VI. Money and BankingA. Money has three functions.

1. It can be exchanged for goods and services.

2. It can serve as a store of value that holds wealth.

3. It helps us determine the value of something.

B. Money comes in two forms: currency and coins. It has value because people believe it is valuable.

C. The U.S. Financial System is a circular process. People and businesses take money to financial institutions to save it. Those institutions use that money to make loans to people who need money. The financial institutions make money off of the interest from the loans and from loan fees. The U.S. system of banking is safe because of regulations and insurance. Banks have rules and regulations that prevent them from taking unnecessary risks, and the Federal Deposit Insurance Company (FDIC) insures a person’s money in financial institutions for up to $100,000.00. It protects consumers from losing their money if the financial institutions fail.

D. Types of Financial Institutions

1. Commercial Banks offer banking services for individuals and businesses. They make profits because of fees and interest payments on loans.

2. Savings and Loan Associates usually loan people money who are buying homes. They also have savings accounts and provide other services that banks do.

3. Credit Unions are not for profit. They are sponsored by a group and the benefits are only open to members of the group.

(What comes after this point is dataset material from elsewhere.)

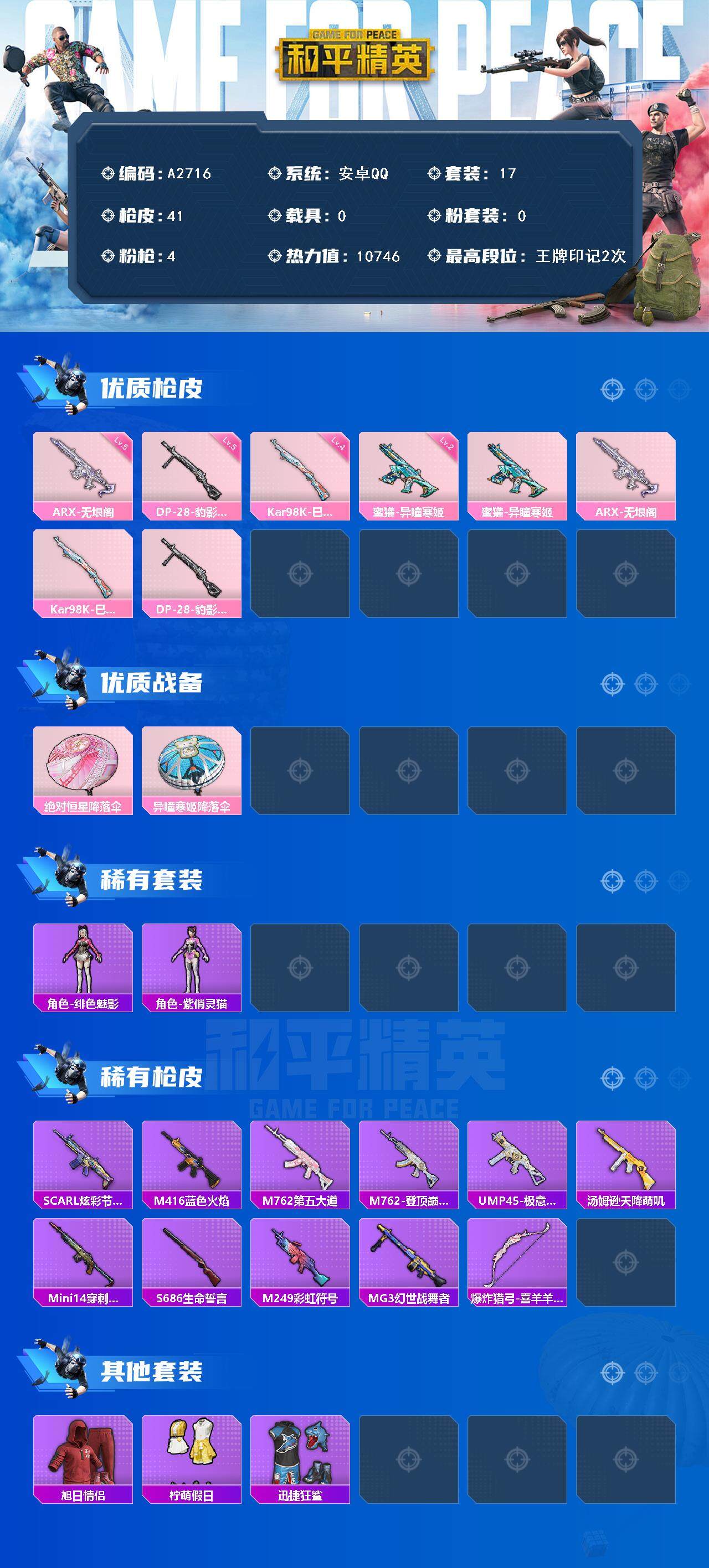 [15972194]安卓 【小号】手q-0粉装-4特效呛-0载具-1粉色飞行器-10746热力值-2王牌印记-17套装-41呛皮 【粉色呛皮等级】:蜜獾-异瞳寒姬二级,arx-无垠阁五级,kar98k-巳巳如意四级,dp-28-豹影疾电五级 【粉色呛皮】:蜜獾-异瞳寒姬,arx-无垠阁,kar98k-巳巳如意,dp-28-豹影疾电 【粉色降落伞】:绝对恒星降落伞,异瞳寒姬降落伞,炫彩糖果降落伞 【稀有套装】:套装-雪国风尚,角色-绯色魅影,角色-紫俏灵猫,套装-炫彩糖果 【稀有呛皮】:aug-冰晶雪宝,scar-l-炫彩节奏,m416-蓝色火焰,m762-第五大道,m762-登顶巅峰,ump45-极意拳锋,汤姆逊-天降萌叽,mini14-穿刺龙虾,s686-生命誓言,m249-彩虹符号,mg3-幻世战舞者,爆炸猎弓-喜羊羊与灰太狼 【其他套装】:套装-旭日情侣,套装-柠萌假日,套装-迅捷狂鲨 【营地id】:1025935850

E. The Federal Reserve System “The Fed” is the central bank of the United States.1. The U.S. is divided into 12 banking districts. Each one of

those districts has one Federal Reserve Bank. Very few banks within the district are not members of the Federal Bank. The Federal Reserve is run by seven board members that are appointed by the President and confirmed by the Senate to serve a 14 year term. The Federal Reserve is not under the control of the President or Congress.

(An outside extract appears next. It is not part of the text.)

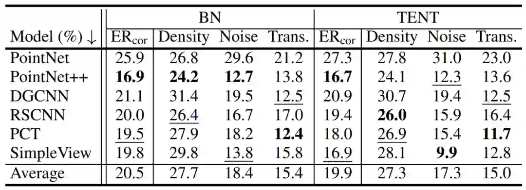 表 3. 在标准训练下不同模型在 ModelNet40-C 上的错误率。

2. The jobs of the Federal Reserve. a. The Fed regulates banking to protect consumers. b. The Fed acts as the government’s bank. First, when

the government raises money, it is deposited into the Fed banks, and it spends its money through those accounts. Second, it sells the government bonds and treasury bills. These help the government raise money. Finally, they issue the national currency

3. Monetary Policy involves controlling the supply of money and the cost of borrowing money based on the needs of the economy. It is implemented by the Federal Reserve Board.

a. The Federal Reserve Board can change the discount rate. The discount rate is the interest rate that the Federal banks charge to member banks when they want a loan. The lower rates encourage banks to borrow money from the Fed at a lower rate, and loan money to their customers at a lower rate. When people have more money to spend, the economy expands. If the Fed wants to slow expansion, they can raise the discount and lower the flow of money

b. The Fed requires that its members store a certain amount of their money in the Federal Bank. This is called the reserve requirement. If the Fed raises the requirement, it limits the amount of money that banks have to lend.

c. The fed can change the money supply through Open-Market Operations. It can buy or sale bonds or Treasury bills to change the amount of money in supply.